*** Opening of Data to process ***

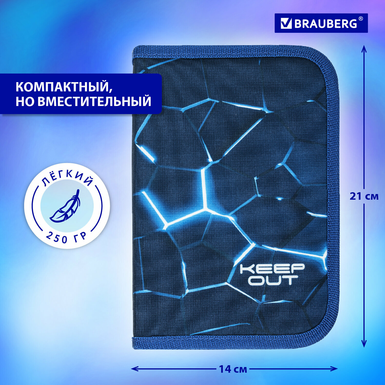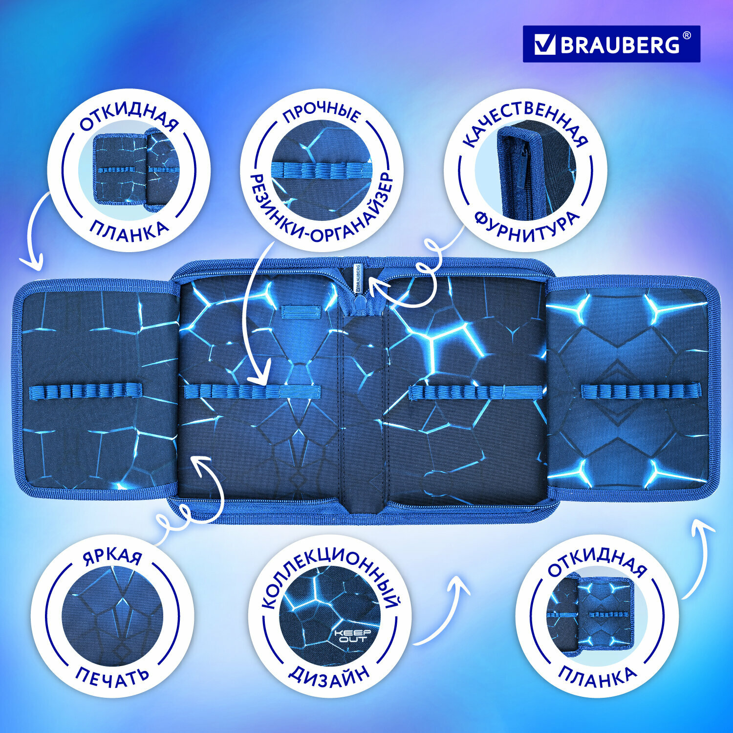 Пенал-футляр школьный для ручек и карандашей Brauberg, 1 отделение, полиэстер, органайзер, Alienation, 271586
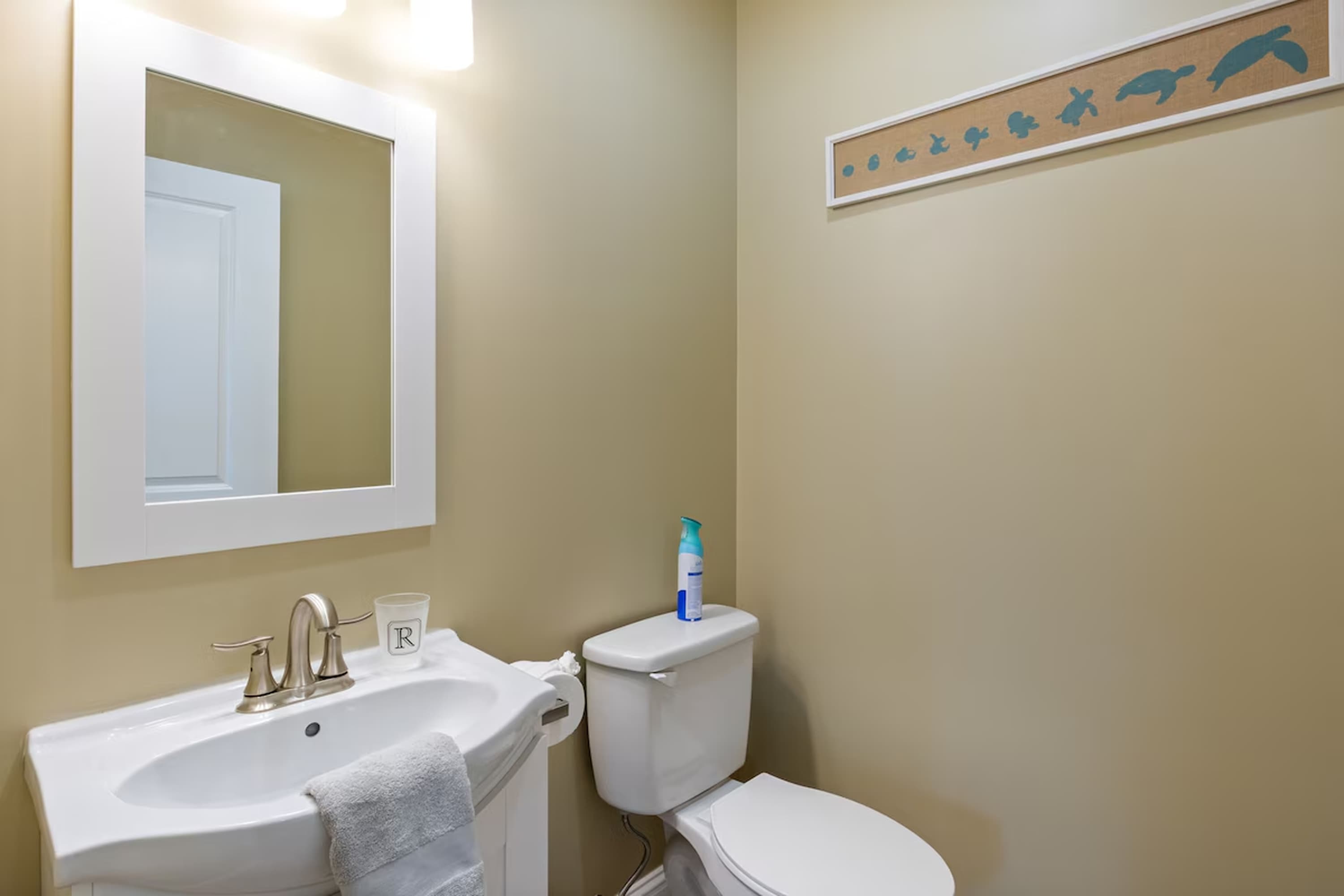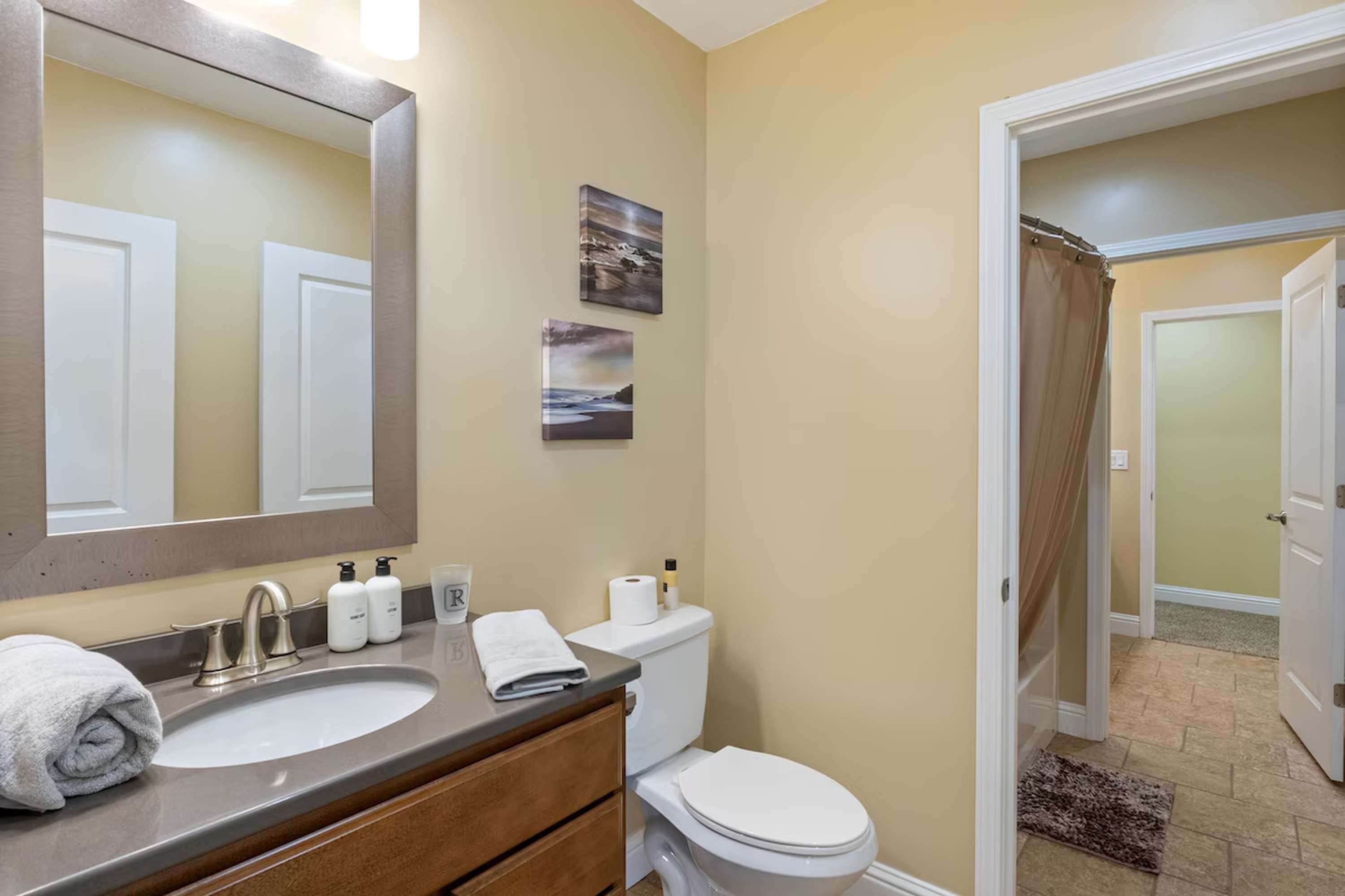 This home also includes a half bathroom and an additional full bathroom with a single vanity and a shower/tub combo.
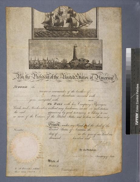 Image of a lighthouse on a rocky promontory with ships sailing nearby and image of a ship at sea at the top of a letter of safe conduct certificate for the ship Franklin of New Bedford, Massachusetts, granting the ability to pass without "hindrance, seizure, or molestation;" embossed United States seal at bottom left; signed by President John Tyler and Secretary of State Daniel Webster.
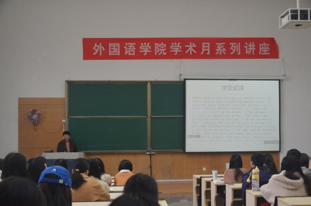 2021年11月19日,浙江外国语学院陈科芳教授应邀来我校安吉校区,为我院学生做了题为“中国民间故事英译探索和本科生科研项目申报”的讲座。讲座由外国语学院党支部副书记、副院长方小卿主持。
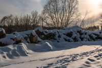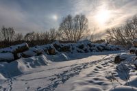 A scenic view of a residential suburban area in Toronto, Canada, with a straight road covered in snow, surrounded by trees, and the sun visible on a sunny day at dawn.
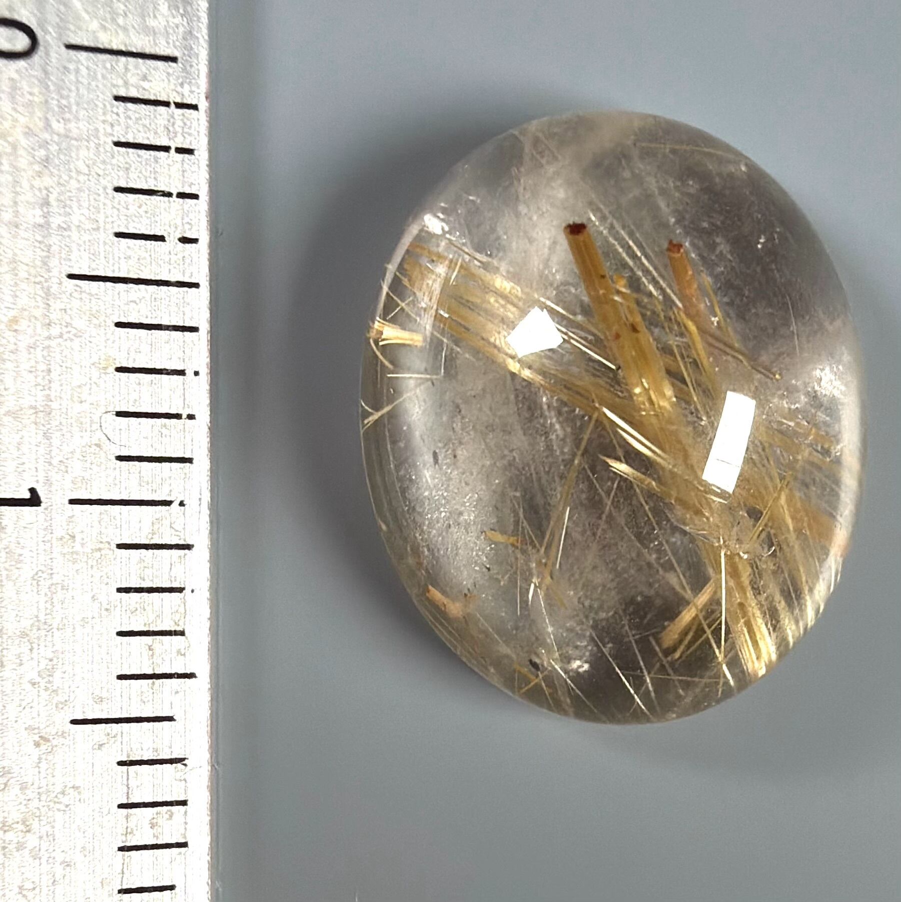 水晶部の透明度はまずまずのルチルクォーツ ルースです。
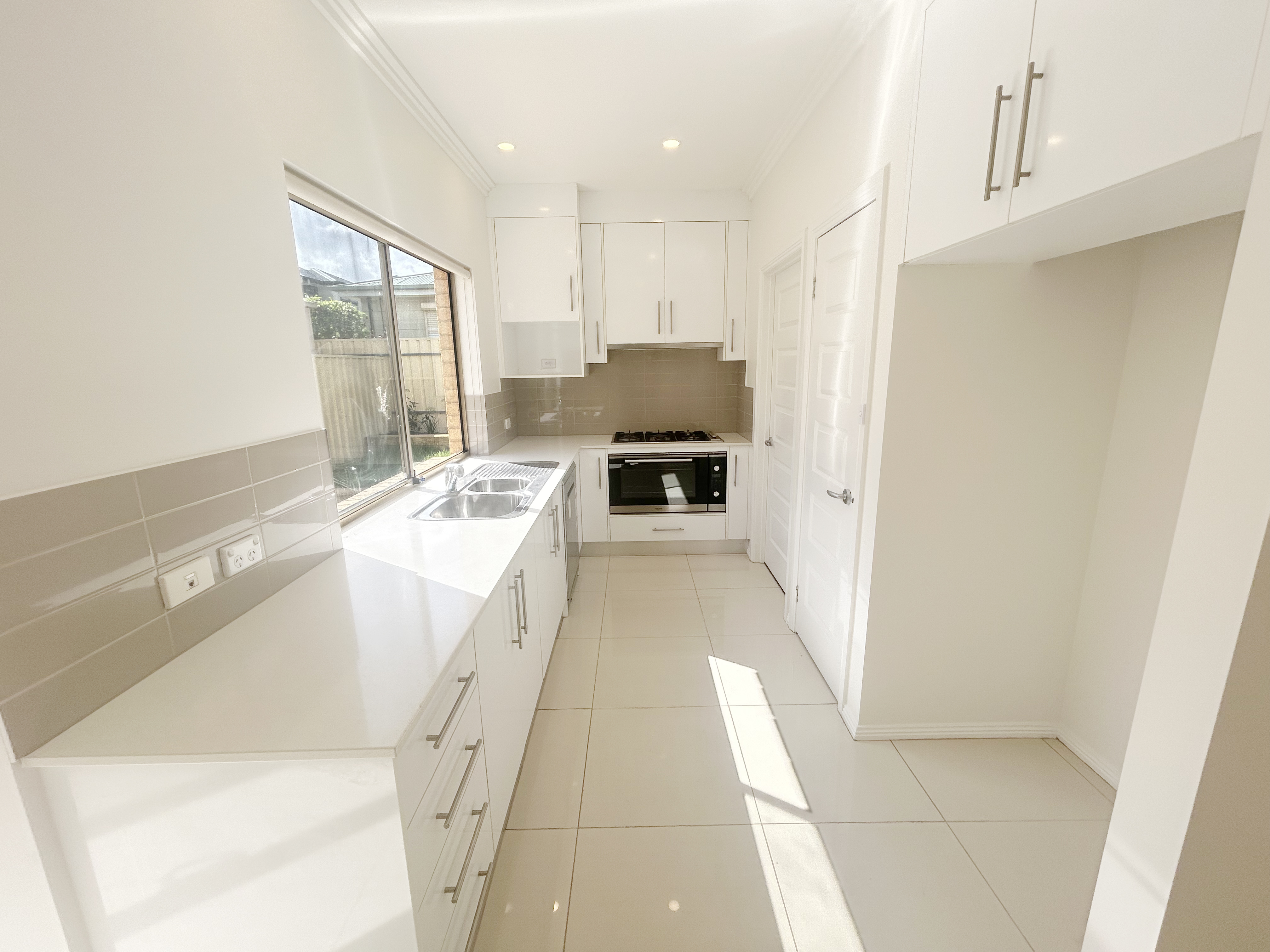 * The light-filled designer kitchen features stone tops, loads of cabinetry, and 900mm appliances with a five-burner cooktop.
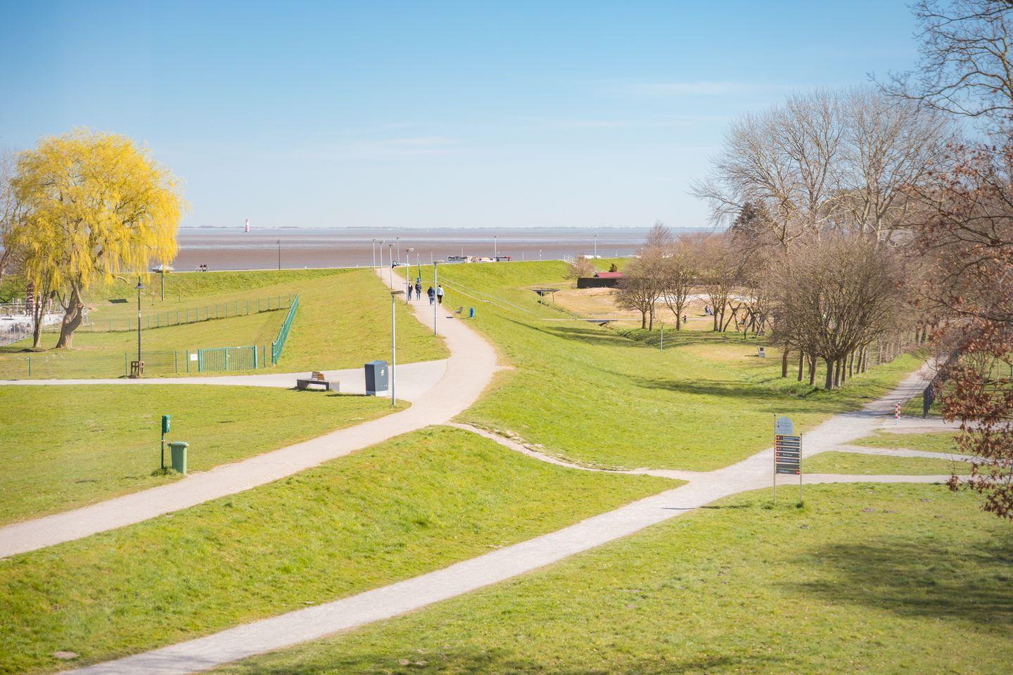 Bis zu 4 Personen können hier auf rund 90 qm das ganze Jahr entspannen und den Blick über den Deich auf den Jadebusen und den Leuchtturm Arngast genießen. Bitte beachten Sie, dass der Zugang zum Balkon nur über eine innenliegende Stufe zugänglich ist.
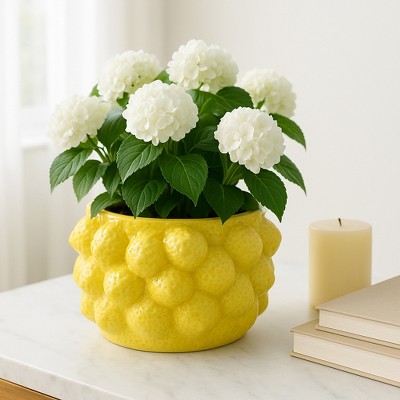 Brighten up your home or garden with this stylish yellow ceramic planter, designed to add a modern touch to any space. Crafted from high-quality stoneware, this planter is both durable and elegant, making it the perfect choice for displaying your favorite plants. The vibrant yellow color combined with a unique dotted texture creates an eye-catching focal point that complements various decor styles. Measuring 8x8x9 inches, this planter is ideal for housing a variety of plants, including succulents, flowers, and indoor greenery. The sturdy wooden stand elevates the planter, providing better air circulation and stability while protecting surfaces from water damage. Whether placed in the living room, patio, balcony, or office, this ceramic planter enhances your space with its functional and decorative appeal. Its premium stoneware construction ensures long-lasting durability, while the wooden stand adds a natural and modern aesthetic. Perfect for plant lovers and home decorators, this planter is a must-have for anyone looking to incorporate greenery into their space effortlessly. Elevate your plant display with this elegant ceramic planter and bring a fresh, stylish look to your home today.
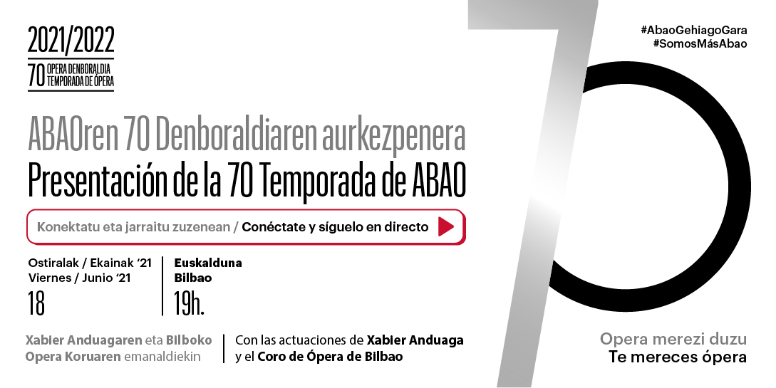 Tras haber tenido que detener y reprogramar parte de la actividad artística durante la pandemia, y haberse reinventado con nuevas propuestas como el exitoso programa ABAO on Stage, ABAO Bilbao Opera sigue trabajando en todo momento con la ilusión, el esfuerzo y el mismo objetivo de siempre: difundir la cultura y la ópera, y presenta la temporada 2021-2022 sobre un escenario de optimismo y esperanza en el retorno paulatino de la mayor normalidad posible.

*** Close of Data to process ***

• Work item:
Starting at the top of the listing above, please restate word for word each line up to and including the one that holds "Bis zu 4 Personen", omitting every image.

• Worked solution:
 Пенал-футляр школьный для ручек и карандашей Brauberg, 1 отделение, полиэстер, органайзер, Alienation, 271586
 This home also includes a half bathroom and an additional full bathroom with a single vanity and a shower/tub combo.
 Image of a lighthouse on a rocky promontory with ships sailing nearby and image of a ship at sea at the top of a letter of safe conduct certificate for the ship Franklin of New Bedford, Massachusetts, granting the ability to pass without "hindrance, seizure, or molestation;" embossed United States seal at bottom left; signed by President John Tyler and Secretary of State Daniel Webster.
 2021年11月19日,浙江外国语学院陈科芳教授应邀来我校安吉校区,为我院学生做了题为“中国民间故事英译探索和本科生科研项目申报”的讲座。讲座由外国语学院党支部副书记、副院长方小卿主持。
 A scenic view of a residential suburban area in Toronto, Canada, with a straight road covered in snow, surrounded by trees, and the sun visible on a sunny day at dawn.
 水晶部の透明度はまずまずのルチルクォーツ ルースです。
 * The light-filled designer kitchen features stone tops, loads of cabinetry, and 900mm appliances with a five-burner cooktop.
 Bis zu 4 Personen können hier auf rund 90 qm das ganze Jahr entspannen und den Blick über den Deich auf den Jadebusen und den Leuchtturm Arngast genießen. Bitte beachten Sie, dass der Zugang zum Balkon nur über eine innenliegende Stufe zugänglich ist.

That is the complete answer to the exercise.